Em reunião do conselho de administração da Petrobras realizada em agosto de 2014, a ex-presidente da companhia, Graça Foster, reconheceu que a empresa estava "no limite" e que precisava reajustar o preço da gasolina, mas que "não tinha poder para fazê-lo".

Em dois meses, a então presidente Dilma Rousseff enfrentaria o primeiro turno em busca do segundo mandato, em uma disputa que foi a mais acirrada entre as eleições após a redemocratização.

A Petrobras pressionava por reajustes desde o início do ano, sem sucesso, segundo mostram trechos de atas de reuniões do conselho de administração da companhia, usadas como provas em ação civil pública proposta pelo Ministério Público Federal contra a União e ex-conselheiros da estatal.

O MP acusa os controladores de prejudicar a empresa ao postergar reajustes para não atrapalhar a campanha de reeleição de Dilma e pede ressarcimento pelos danos causados, além de condenação de nove pessoas, entre elas Graça Foster e o ex-ministro da Fazenda Guido Mantega.

As atas mostram que a pressão por reajustes se iniciou em meados de 2013, quando resultou em aumentos de 4% no diesel e 8% na gasolina no fim daquele ano, e retomou força ao longo de 2014, diante do estouro nos limites de endividamento da companhia.

A palavra final, disse Foster em depoimento dado em inquérito civil público de 2015 e anexado ao processo do MP, era de Mantega, que presidia o conselho de administração.

"Os aumentos de preços, todos eles, desde o meu primeiro dia até o último dia eram trazidos pelo presidente do conselho", afirmou ela. "Ele ligava para mim e falava: '3 no diesel e 5 na gasolina', e desligava".

Em seu Plano de Negócios, a Petrobras contava com reajustes de combustíveis para manter o indicador de endividamento sobre geração de caixa abaixo do limite de 2,5 vezes estipulado para o período entre 2013 e 2017.

O índice atingiu 4,07 vezes ao final do primeiro semestre de 2014, três meses antes da eleição presidencial. Ainda assim, mostram as atas, o presidente do conselho rejeitou diversos pedidos de reajustes feitos pela empresa

Essa atitude de Mantega levou representantes de acionistas minoritários a acusarem o controlador de gestão temerária.

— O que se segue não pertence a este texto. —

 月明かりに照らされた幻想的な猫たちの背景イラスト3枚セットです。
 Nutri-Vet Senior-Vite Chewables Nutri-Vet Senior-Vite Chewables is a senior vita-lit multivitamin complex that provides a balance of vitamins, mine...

Em reunião no dia 31 de outubro, cinco dias após o segundo turno, Mantega finalmente cedeu e, segundo a ata do encontro, recomendou à diretoria "passar um tempo com os preços acima da paridade a fim de recompor as defasagens do passado".

Em depoimento dado também ao inquérito de 2015, dizem os procuradores, Mantega negou prejuízos à empresa e disse que o estouro do indicador de endividamento foi provocado pelo câmbio e pelos altos investimentos.

OUTRO LADO

Procurada pela Folha, a defesa de Mantega não respondeu ao pedido de entrevista sobre o tema. Graça Foster não foi encontrada.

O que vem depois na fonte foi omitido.